Die EU will Großbritannien einem Dokument zufolge noch Jahre nach dem Brexit zu jährlichen Zahlungen und der Erlaubnis für einen Familiennachzug von EU-Ausländern ins Königreich verpflichten. "Ein ordentlicher Austritt des Vereinigten Königreichs aus der Union erfordert die Regelung der finanziellen Verpflichtungen, die vor dem Austrittstermin eingegangen wurden", heißt es in einem Verhandlungspapier, das als Grundlage für das Verhandlungsmandat von EU-Chefunterhändler Michel Barnier dienen soll.
Dem Entwurf zufolge soll in den Verhandlungen eine Summe festgelegt werden, die Großbritannien zu zahlen hat und die sich aus eingegangenen Verpflichtungen für Pensionen oder EU-Projekte ergeben, die weit über den Brexit im März 2019 hinausreichen. Diese Verpflichtungen sollten angesichts der Kursschwankungen des britischen Pfund "in Euro festgelegt werden".
EU fordert 60 Milliarden Euro
Die Höhe der britischen Schulden bei der EU werden darin allerdings nicht beziffert. In der Vergangenheit hatten EU-Vertreter von 60 Milliarden Euro gesprochen. In London wurde diese Einschätzung entschieden zurückgewiesen, und die Schulden wurden mit etwa 20 Milliarden Euro angegeben. Für den Umzug der EU-Bankenaufsicht EBA und der EU-Medizinagentur EMA aus London in ein Land der Union soll allein Großbritannien aufkommen.

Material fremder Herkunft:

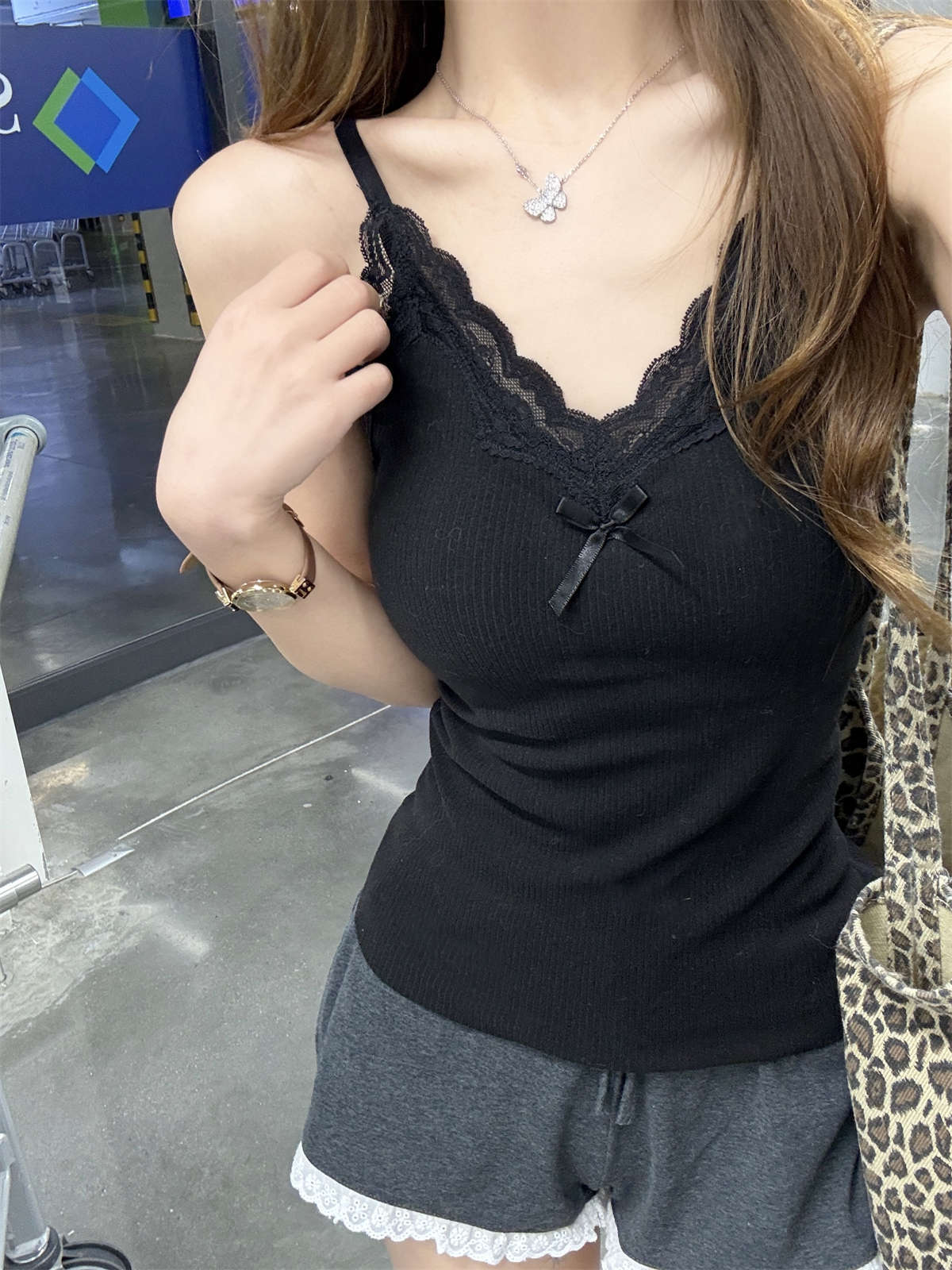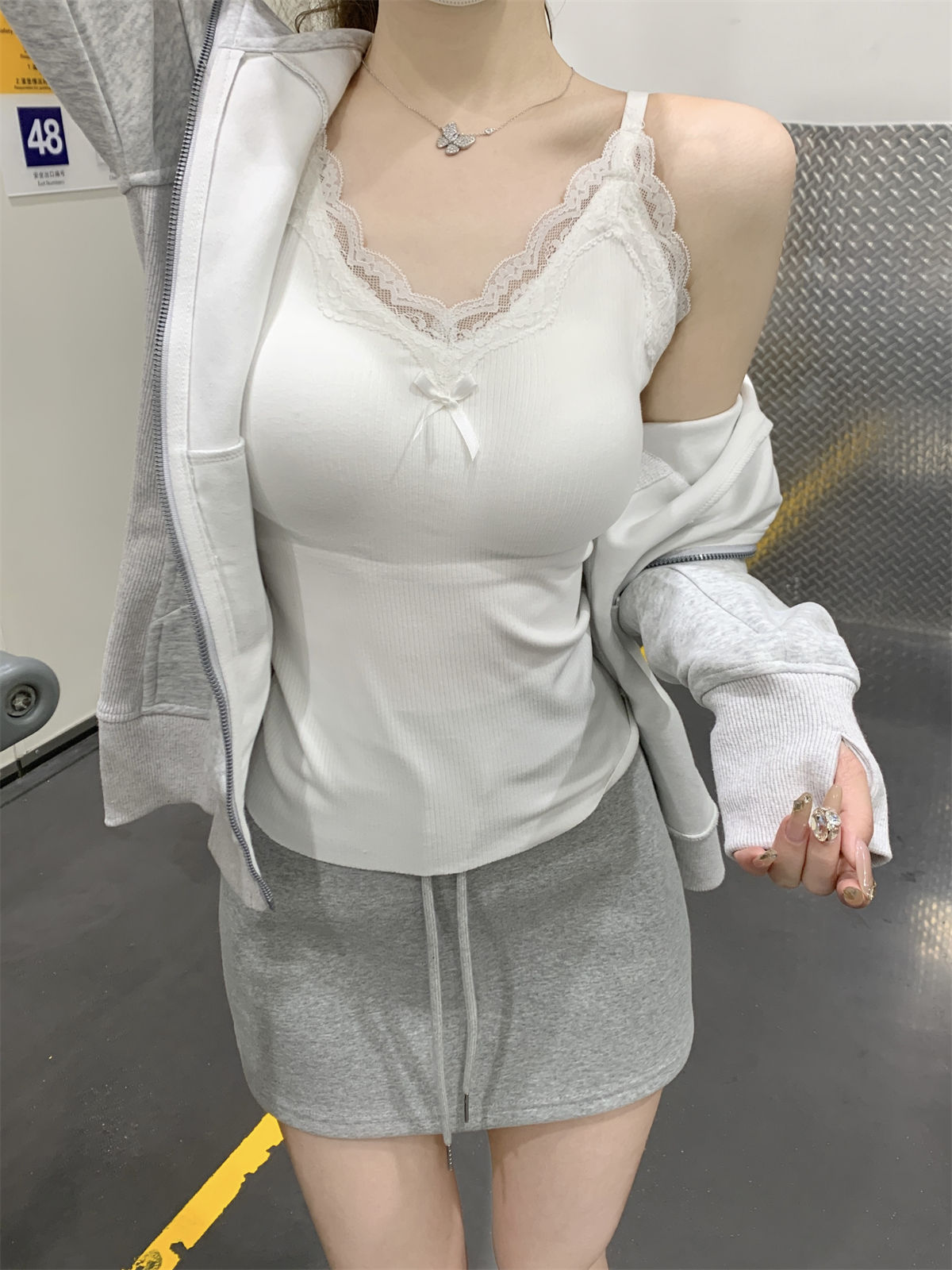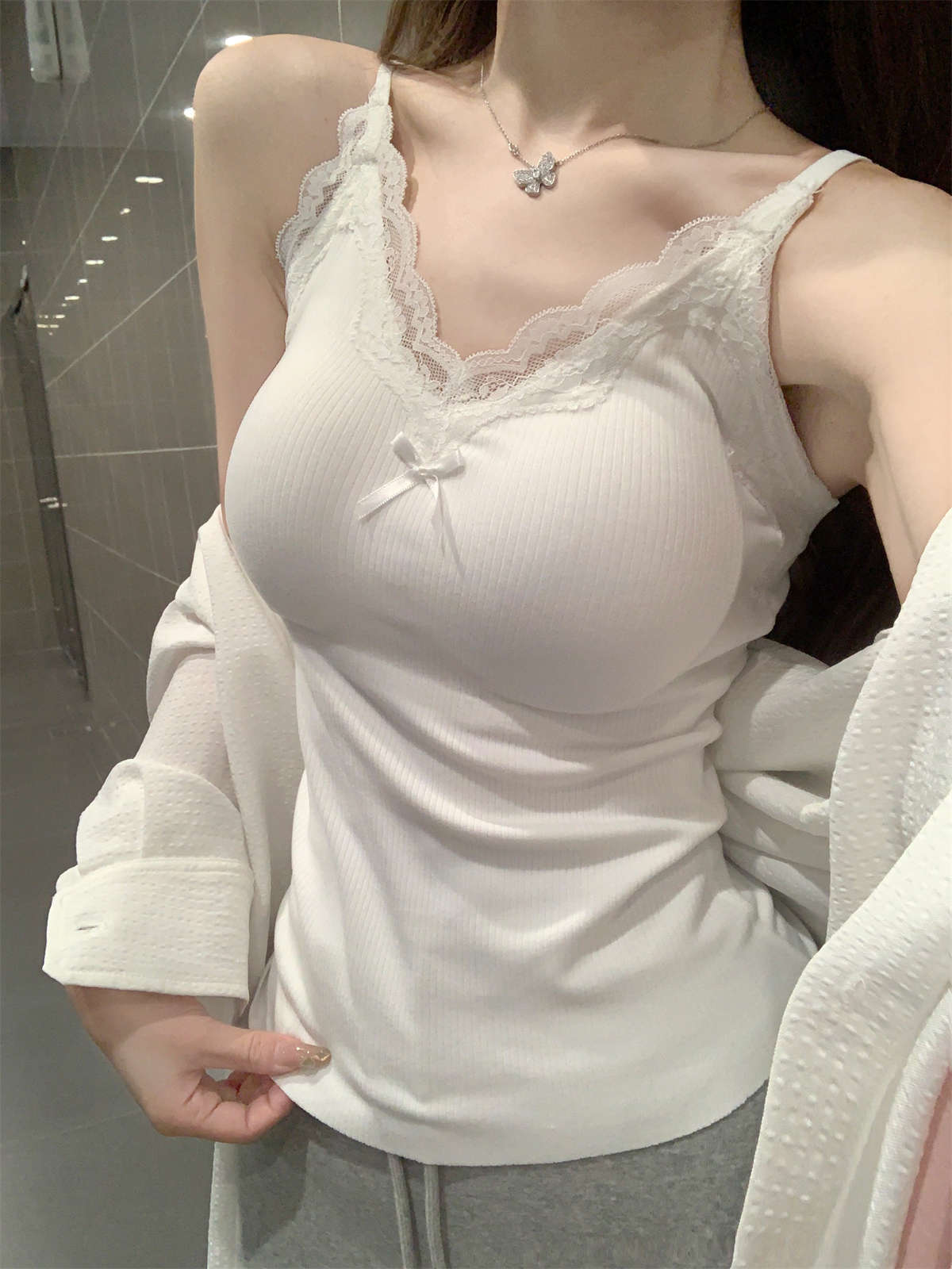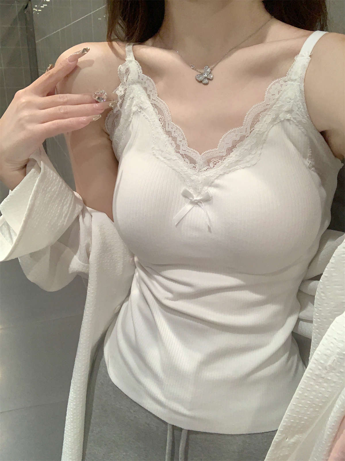 순수 V-넥 레이스 스트랩 어깨 스트랩 조정 가능한 조끼 여성 봄 2025 슬림 핏 원피스 탑 가슴 패드스토어 가기

Das Königreich soll zudem die lebenslangen Rechte der EU-Bürger garantieren, die dort zum Zeitpunkt des Brexit-Tages wohnen. Dazu gehört das Recht auf Arbeit. Auch die Pensionsansprüche derjenigen, die das Land bis dahin verlassen haben, sollen gewährleistet werden. Zudem dürfen dem Entwurf zufolge Familienangehörige auch nach dem EU-Austritt nachgeholt werden und sollen dieselben Rechte auf den britischen Inseln genießen.
Derzeit leben rund drei Millionen EU-Ausländer in Großbritannien. Die britische Premierministerin Theresa May will den Zuzug aus dem Ausland auf unter 100.000 Menschen pro Jahr begrenzen. Die Verhandlungen zwischen London und Brüssel sollen nach den Neuwahlen in Großbritannien am 8. Juni beginnen.
London soll Rechtsprechung des EuGH weiter akzeptieren
Die Staats- und Regierungschefs der 27 übrigen EU-Länder wollen am 29. April bei einem Gipfel in Brüssel die Ausrichtung der Brexit-Verhandlungen festlegen. Genauere Leitlinien sollen am 22. Mai beschlossen werden. Bei der Abschlussrechnung der EU an London und dem künftigen Status von EU-Bürgern in Großbritannien werden besonders schwierige Verhandlungen erwartet.
In Erwartung von Streitigkeiten wird in dem Papier "eine institutionelle Struktur" gefordert, die "eine wirksame Umsetzung der Verpflichtungen in dem Abkommen sicherstellen" soll. London müsse daher die Rechtsprechung des Gerichtshofs in Luxemburg (EuGH) auch nach dem britischen EU-Austritt 2019 akzeptieren.
Die britische Premierministerin Theresa May hatte am 29. März offiziell den Austritt ihres Landes aus der EU beantragt. Die Verhandlungen darüber müssen innerhalb von zwei Jahren abgeschlossen werden. May beraumte allerdings diese Woche vorgezogene Parlamentswahlen für den 8. Juni an, so dass die Verhandlungen mit Brüssel erst danach beginnen dürften.